The removal of trade barriers between countries and the rise of consumerism are two factors that have aided the rise of international retail trade. In this article we examine the concept of international retailing and the methods by which a retailer can enter a new market.
As has been discussed earlier international retailing is more than just replicating the retail store in other markets. Retail internationalization has been defined as the management of retail operations and markets which are different from each other in their regulation, economic development, special conditions, cultural environment and retail structures.
Typically retail formats have evolved in response to social and economic developments in the economy. Typically, retailers start as local or regional players. As they expand in size, they develop operational efficiencies. Many retailers then expand to a national presence. The growth in size also gives them financial resources. In most cases, international expansion happens when the retailers have reached a level of dominance in the domestic market. Saturation of the domestic market may also be reason for the retailer to look at international expansion.
When taking a decision to enter a new market, a retailer needs a sharp focus on that market. He needs to understand the culture and the buying habits of the local population. He should also be able to use technology and the systems and processes that he has developed in the domestic market. The population levels, the expected growth rates, density of the population and the income levels are important factors to be taken into consideration.

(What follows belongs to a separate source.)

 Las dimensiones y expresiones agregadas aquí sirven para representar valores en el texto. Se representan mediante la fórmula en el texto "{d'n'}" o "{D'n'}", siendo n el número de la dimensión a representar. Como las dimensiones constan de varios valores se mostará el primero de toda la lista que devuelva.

Export is the selling of domestically manufactured products in a different country. A retailer who has a distinct product, such as an on brand which may be attractive to customers in other markets, may look at exports as an option. Marks and Spencer did this successfully with its St Michael’s band, as did The Body Shop. If the response to the exported product is good in the market, it is a good indication that retail stores for that brand could also do well in that particular country.
Franchising / Licensing:
This arrangement permits a company in the target country to use the property of the licensor. Such property usually is intangible, such as trademarks patents and production techniques. The licensee pays a fee in exchange for the rights to use the intangible property and possibly for technical assistance.

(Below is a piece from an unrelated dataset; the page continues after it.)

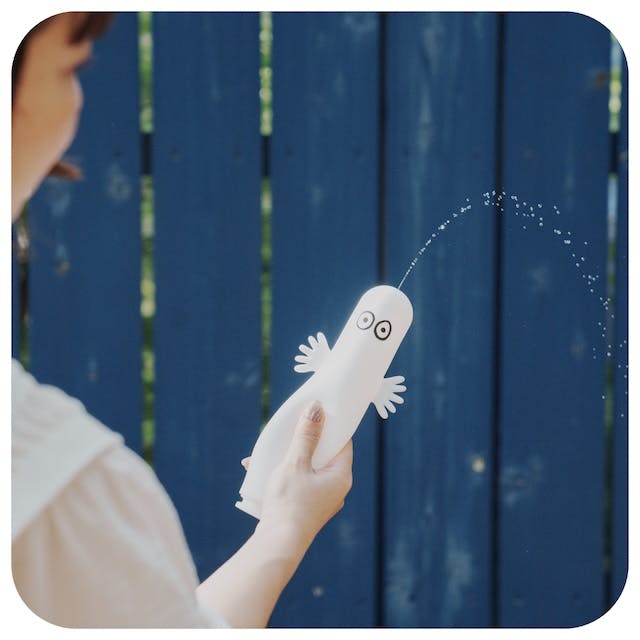 「湖上のテラス」グランドオープンを記念して、ムーミンバレーパークに来園する4歳から高校生までのお子さまに、ニョロニョロウォータートイをプレゼント!底のふたを外して水を入れ、押し出すとニョロニョロの頭から水が勢いよく噴き出す楽しい仕掛けです。「ムーミン谷のじゃぶじゃぶプール」はもちろん、パーク内の様々な水遊びスポットで使ったり、フォトプロップスとして写真撮影に活用するのもおすすめです。

This strategy of market development has been the rapid expansion of many chains across the globe. McDonald’s owes a great deal of its success in the international and national markets due to successful franchising. The strategy enables a retailer to build a strong identity in the market. For franchising to be successful, it is necessary that the partnerships be with people who share the organization’s vision and understand the market equally well. Systems and procedures also need to be in place with the parent company, so they can be successfully duplicated.
Acquisitions and Mergers:
Acquisitions as the word suggests implies one organization acquiring another organization. A good example of a retail acquisition is that of Asda by Wal-Mart. In the UK, Wal-Mart operates under the name of Asda. Close home example would be that of Shopper’s stop acquiring the bookstore chain Crossword. While acquisitions are an easy way of entering a new non-domestic market, it is not without its complications. Various aspects like the management structure new operating culture and the financial burdens of the company need to be taken into consideration.
Mergers on the other hand, imply two organizations coming together to form a combined entity. The merger of retail giant Carefour and Promodes in Europe is an example of the same.
A joint venture is a strategic partnership between a local retailer and an international /foreign player. This arrangement allows the international retailer to learn from the expertise of the domestic partner, while the domestic retailer can learn from the international practices of the partner.
The key issues to consider in a joint venture are ownership, control length of agreement pricing technology transfer local firm capabilities and resources, and government regulations.
Most joint ventures involve one local partner and one foreign partner. However, retailers may also form a company to enter into a new market. The expansion of US toy retailer Toy’s R Us to the Japanese market is an example of the same. For entering the Japanese market, Toys R Us teamed up with McDonald’s which already existed in Japan.
Organic growth is replicating the retail format in the non domestic market, within the regulatory framework of the new market. While on one hand, it gives the retailer the kind of control required is also a great deal of investment.